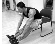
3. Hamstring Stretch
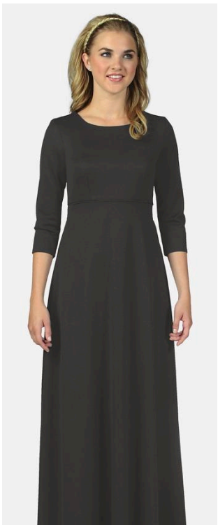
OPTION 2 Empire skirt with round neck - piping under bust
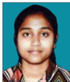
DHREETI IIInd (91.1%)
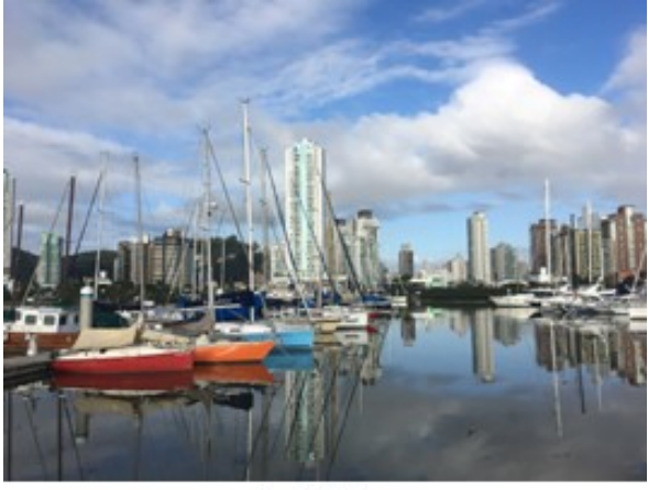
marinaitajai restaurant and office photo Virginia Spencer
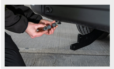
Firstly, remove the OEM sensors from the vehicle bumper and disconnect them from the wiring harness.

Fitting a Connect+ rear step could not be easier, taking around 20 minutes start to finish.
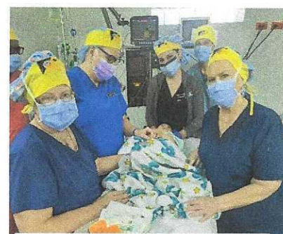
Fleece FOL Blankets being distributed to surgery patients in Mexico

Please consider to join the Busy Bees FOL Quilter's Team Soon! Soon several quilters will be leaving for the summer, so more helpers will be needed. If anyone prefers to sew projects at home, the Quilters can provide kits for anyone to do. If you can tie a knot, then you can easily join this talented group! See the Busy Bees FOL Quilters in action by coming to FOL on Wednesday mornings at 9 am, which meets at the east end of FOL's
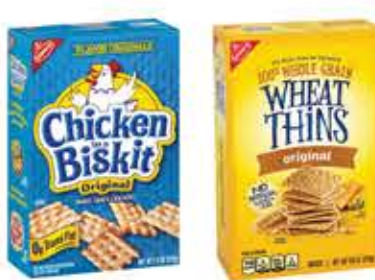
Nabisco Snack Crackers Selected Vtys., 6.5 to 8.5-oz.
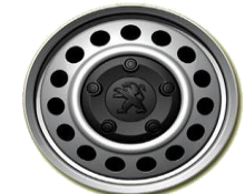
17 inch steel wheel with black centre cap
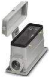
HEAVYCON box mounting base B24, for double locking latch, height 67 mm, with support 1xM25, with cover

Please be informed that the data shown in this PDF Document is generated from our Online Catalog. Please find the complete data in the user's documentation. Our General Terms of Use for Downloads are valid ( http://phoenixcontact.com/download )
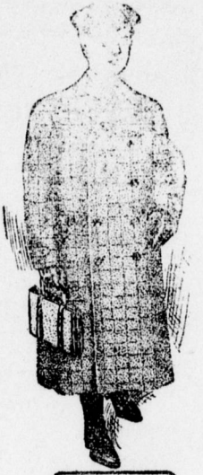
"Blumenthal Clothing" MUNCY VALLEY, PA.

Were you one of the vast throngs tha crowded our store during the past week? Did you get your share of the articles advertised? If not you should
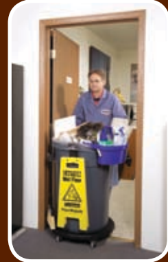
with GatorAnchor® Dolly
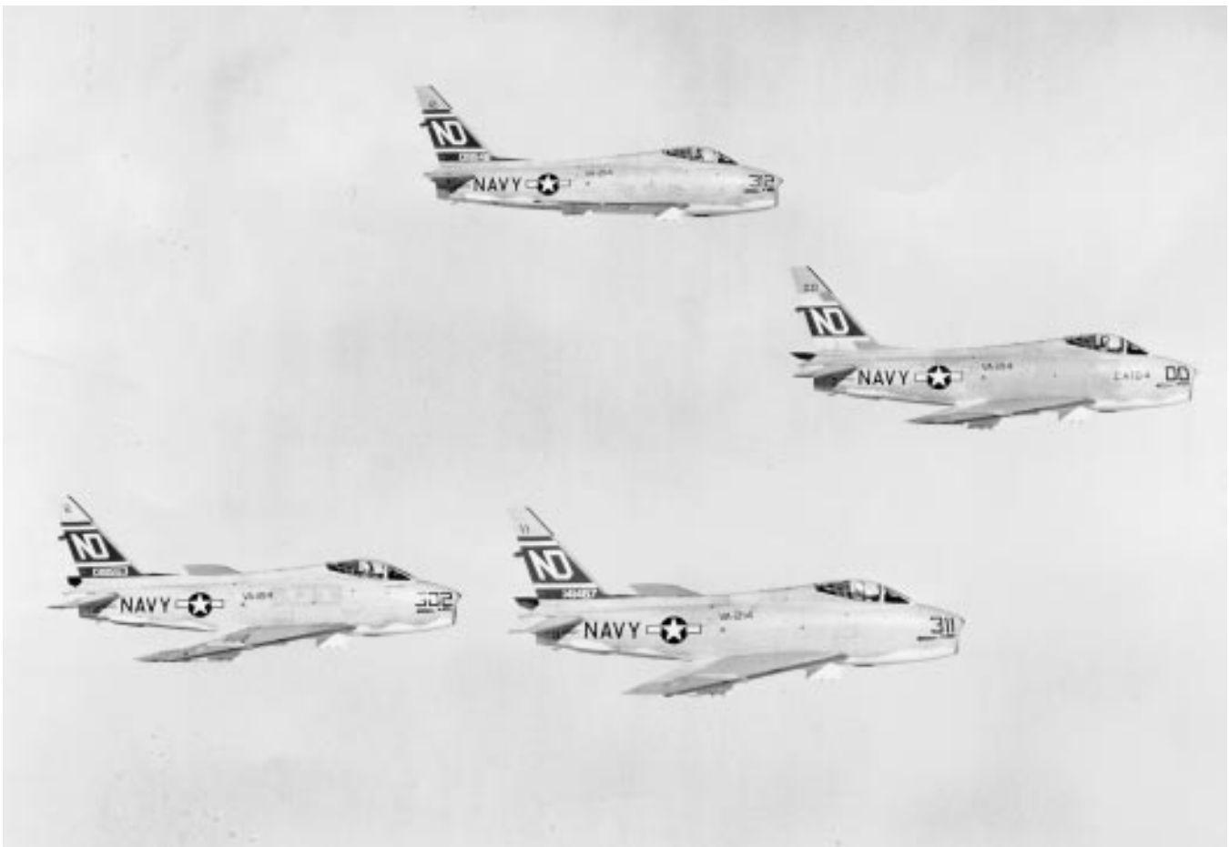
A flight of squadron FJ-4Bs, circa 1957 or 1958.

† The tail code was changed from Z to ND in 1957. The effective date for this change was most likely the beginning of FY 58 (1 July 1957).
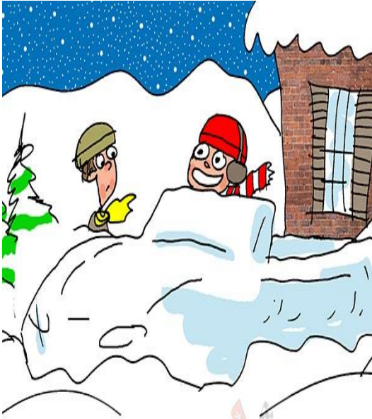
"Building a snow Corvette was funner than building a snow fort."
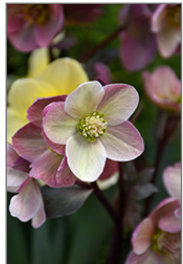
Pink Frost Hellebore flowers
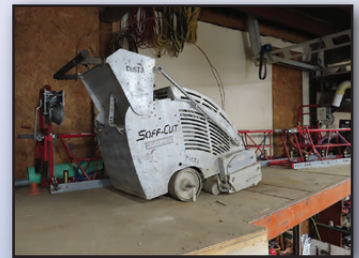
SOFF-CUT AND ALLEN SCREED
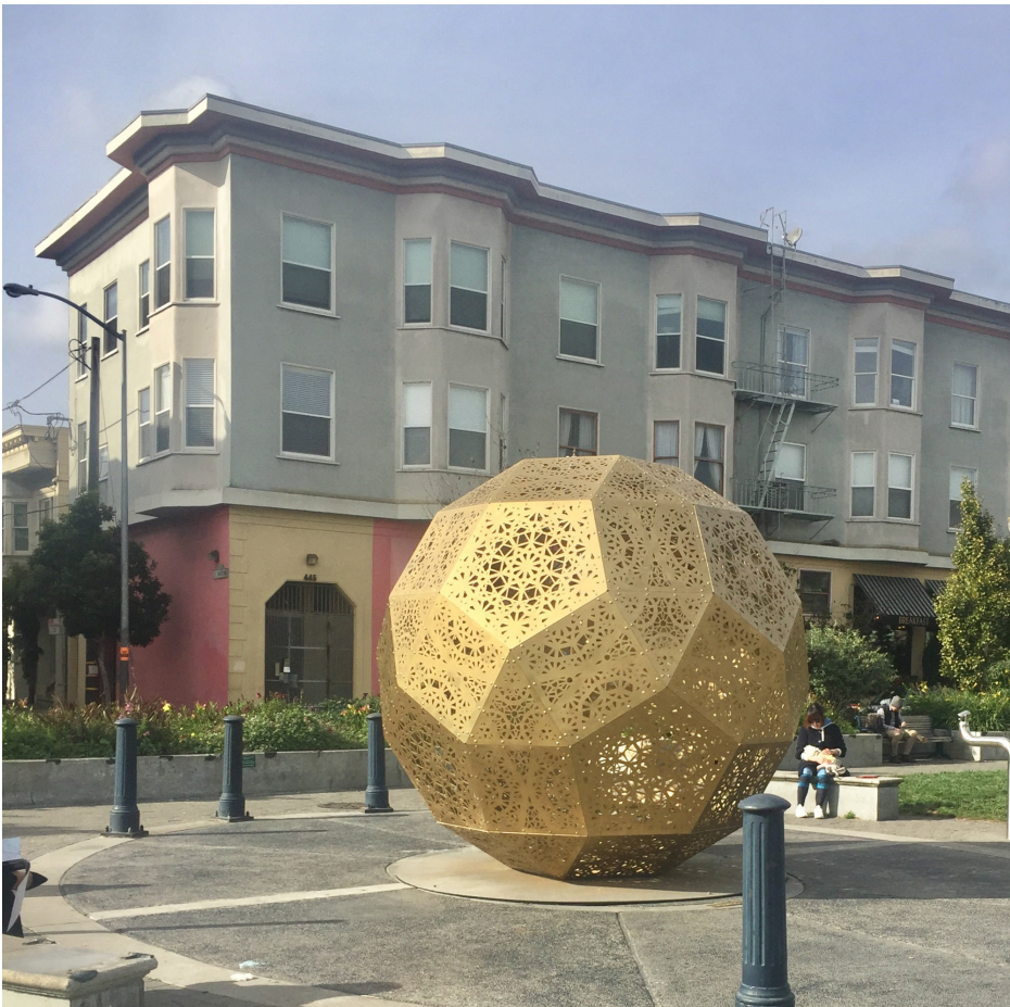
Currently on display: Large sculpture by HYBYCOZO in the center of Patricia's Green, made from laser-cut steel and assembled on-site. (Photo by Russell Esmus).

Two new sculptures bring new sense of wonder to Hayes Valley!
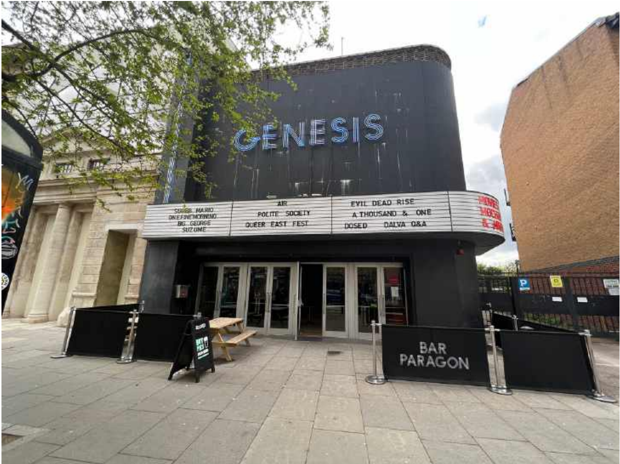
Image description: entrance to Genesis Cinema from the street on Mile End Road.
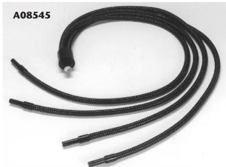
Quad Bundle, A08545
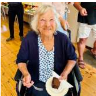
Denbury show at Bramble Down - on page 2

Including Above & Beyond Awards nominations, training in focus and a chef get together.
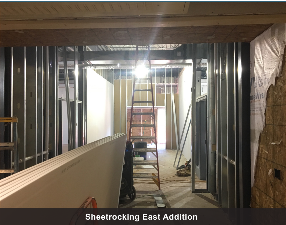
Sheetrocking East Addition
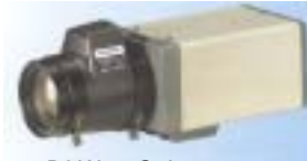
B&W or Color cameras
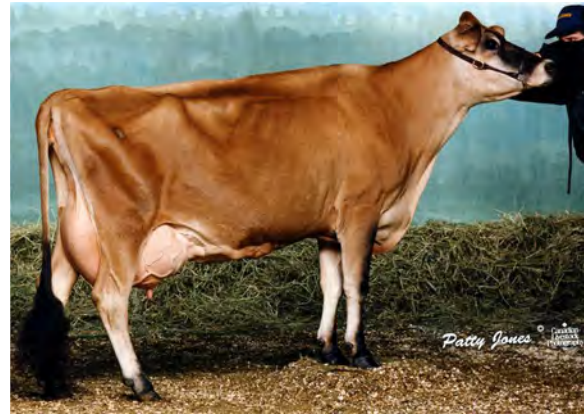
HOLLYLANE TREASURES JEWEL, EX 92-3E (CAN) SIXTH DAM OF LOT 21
- - - - - - -
* _Work to be completed_
Transcribe all of the material exactly, leaving out whatever pictures it contains.

* _Result of the task_
3. Hamstring Stretch
OPTION 2 Empire skirt with round neck - piping under bust
DHREETI IIInd (91.1%)
marinaitajai restaurant and office photo Virginia Spencer
Firstly, remove the OEM sensors from the vehicle bumper and disconnect them from the wiring harness.

Fitting a Connect+ rear step could not be easier, taking around 20 minutes start to finish.
Fleece FOL Blankets being distributed to surgery patients in Mexico

Please consider to join the Busy Bees FOL Quilter's Team Soon! Soon several quilters will be leaving for the summer, so more helpers will be needed. If anyone prefers to sew projects at home, the Quilters can provide kits for anyone to do. If you can tie a knot, then you can easily join this talented group! See the Busy Bees FOL Quilters in action by coming to FOL on Wednesday mornings at 9 am, which meets at the east end of FOL's
Nabisco Snack Crackers Selected Vtys., 6.5 to 8.5-oz.
17 inch steel wheel with black centre cap
HEAVYCON box mounting base B24, for double locking latch, height 67 mm, with support 1xM25, with cover

Please be informed that the data shown in this PDF Document is generated from our Online Catalog. Please find the complete data in the user's documentation. Our General Terms of Use for Downloads are valid ( http://phoenixcontact.com/download )
"Blumenthal Clothing" MUNCY VALLEY, PA.

Were you one of the vast throngs tha crowded our store during the past week? Did you get your share of the articles advertised? If not you should
with GatorAnchor® Dolly
A flight of squadron FJ-4Bs, circa 1957 or 1958.

† The tail code was changed from Z to ND in 1957. The effective date for this change was most likely the beginning of FY 58 (1 July 1957).
"Building a snow Corvette was funner than building a snow fort."
Pink Frost Hellebore flowers
SOFF-CUT AND ALLEN SCREED
Currently on display: Large sculpture by HYBYCOZO in the center of Patricia's Green, made from laser-cut steel and assembled on-site. (Photo by Russell Esmus).

Two new sculptures bring new sense of wonder to Hayes Valley!
Image description: entrance to Genesis Cinema from the street on Mile End Road.
Quad Bundle, A08545
Denbury show at Bramble Down - on page 2

Including Above & Beyond Awards nominations, training in focus and a chef get together.
Sheetrocking East Addition
B&W or Color cameras
HOLLYLANE TREASURES JEWEL, EX 92-3E (CAN) SIXTH DAM OF LOT 21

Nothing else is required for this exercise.